AllAfrica reports on the recent sentencing of former Rwandan Army Major Ntuyahaga who stood trial in Belgium over the Genocide. Ntuyahaga was sentenced to 20 Years in Jail for the killing of 10 Belgian Peacekeepers in 1994.

Bernad Ntuyahaga, 55, was convicted yesterday by a Belgian court which has been trying him. However, the court acquitted him of murdering then Rwandan PM Agathe Uwilingiyimana.

The murders, committed in front of Rwandan army officers, triggered the withdrawal of UN peacekeepers.

Belgium's prime minister told the court that had peacekeepers stayed, thousands of lives could have been saved.

International fallout


Prosecutors said Ntuyahaga took the peacekeepers from the residence of Mrs Uwilingiyimana, who they were trying to protect. He then handed them over to fellow soldiers in a military camp in the capital, Kigali, where they were beaten to death, shot or slain with machetes.

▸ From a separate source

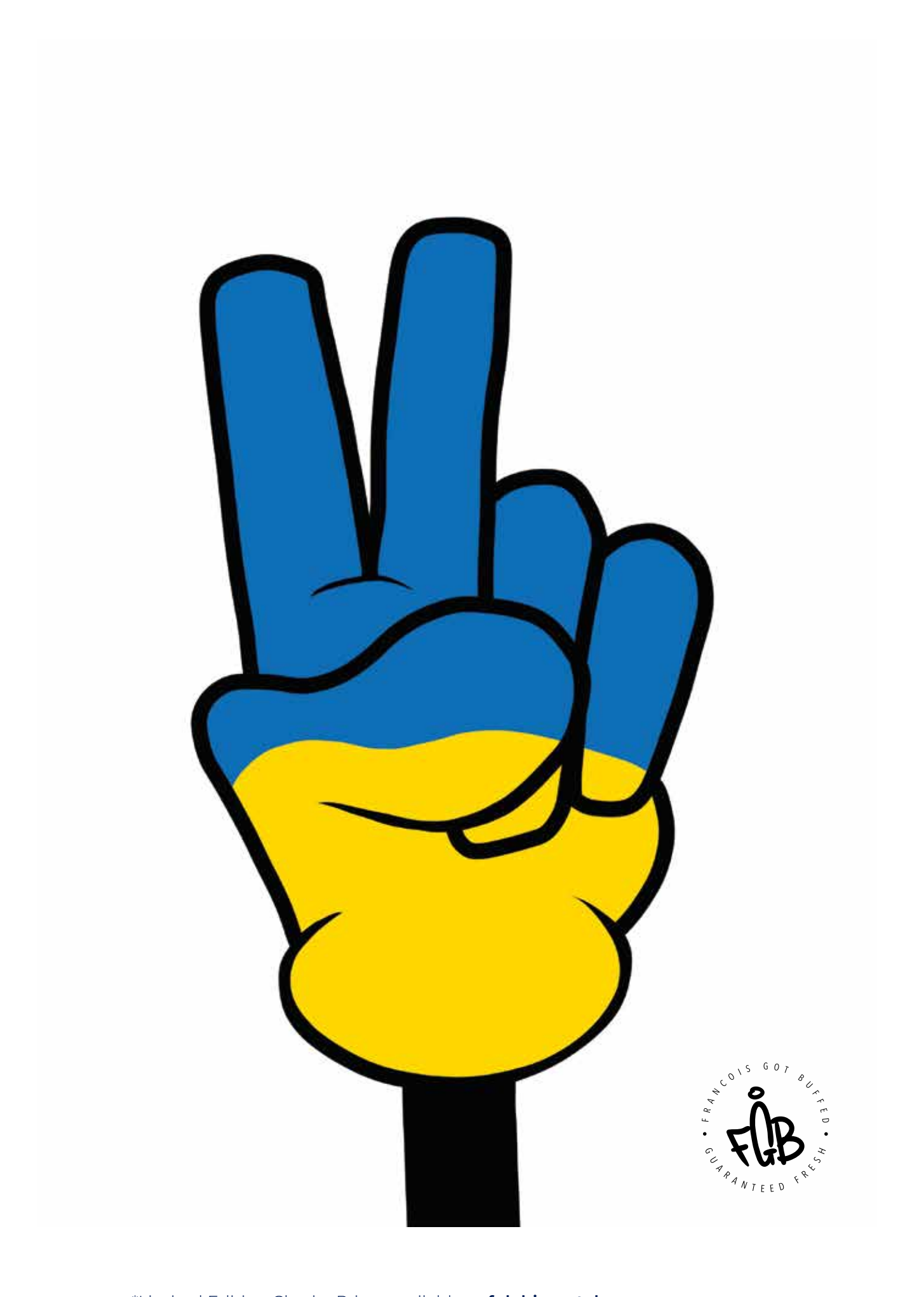
*Limited Edition Charity Prints available at fgb.bigcartel.com 100% profits go to the International Red Cross Disaster Emergency Committee

Christine Dupont, the widow of Belgian peacekeeper Christophe Dupont, said before the verdict: "It's a very important day, a day we have been waiting for the last 13 years."

It is not the first time Rwandans have stood trial in Belgium over the Genocide. Two Catholic nuns, a university professor and a businessman were sentenced in 2001 to between 12 and 20 years' jail for aiding the mass murders.